Statistical Inference

Overview

  1. Population vs. Sample

  2. Inventing Null Worlds

  3. The Central Limit theorem

  4. Theoretical Distributions

Population vs. Sample

Why do we do statistics ?


To make inferences about a population based on observing only a sample

Are action movies better than comedies?

Data → Calculation → Estimate → Truth

Category Description Notation
Data IMDB ratings \(D\)
Calculation Average action rating − average comedy rating \(\bar{D} = \frac{\sum{D}_\text{Action}}{N} - \frac{\sum{D}_\text{Comedy}}{N}\)
Estimate \(\bar{D}\) in a sample of movies \(\hat{\delta}\)
Truth Difference in rating for all movies \(\delta\)

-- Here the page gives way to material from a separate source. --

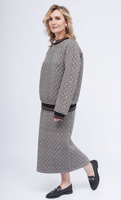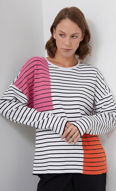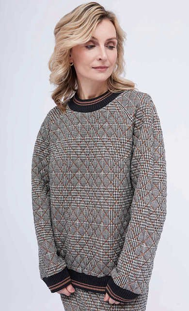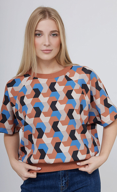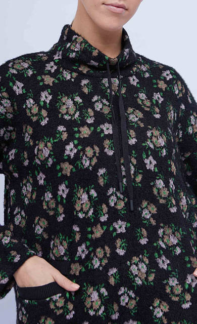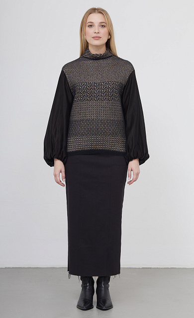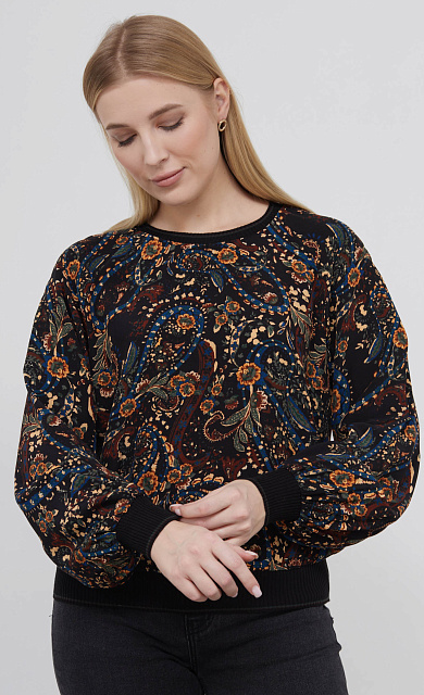 Комбинированный свитшот с фактурным орнаментом и рукавами из струящейся вискозы в горошек.

Greek, Latin, and extra markings


Greek

  • Letters like \(\delta\) are the truth

  • Letters with extra markings like \(\hat{\delta}\) are our estimate of the truth based on our sample

Latin

  • Letters like \(D\) are actual data from our sample

  • Letters with extra markings like \(\bar{D}\) are calculations from our sample

Your turn #1: Calculating an estimate

Collect IMDB ratings for a bunch of films via the ggplot2movies package.

  1. Install the package (use either console or the Rstudio interface. Do not use a Script)

  2. Load the package in your script.

  3. Load the movies data (type: data("movies"))

  4. Make a new cleaned data frame by

  • selecting only the title, year, rating, Action and Comedy columns
  • filtering out films that classify as both Action and Comedy
  • making a new variable genre (using mutate() and case_when()) which takes the values “Action” or “Comedy”
  • removing the now obsolete Action and Comedy columns (use select and -)
  1. Calculate the average ratings for the two genres
08:00

Your turn #1: Calculating an estimate

  1. Install the package (use either console or the Rstudio interface. Do not use a Script)

Use install.packages("ggplot2movies") in your console.

  1. Load the package in your script.

Use library(ggplot2movies) in your script.

  1. Load the movies data (type: data("movies"))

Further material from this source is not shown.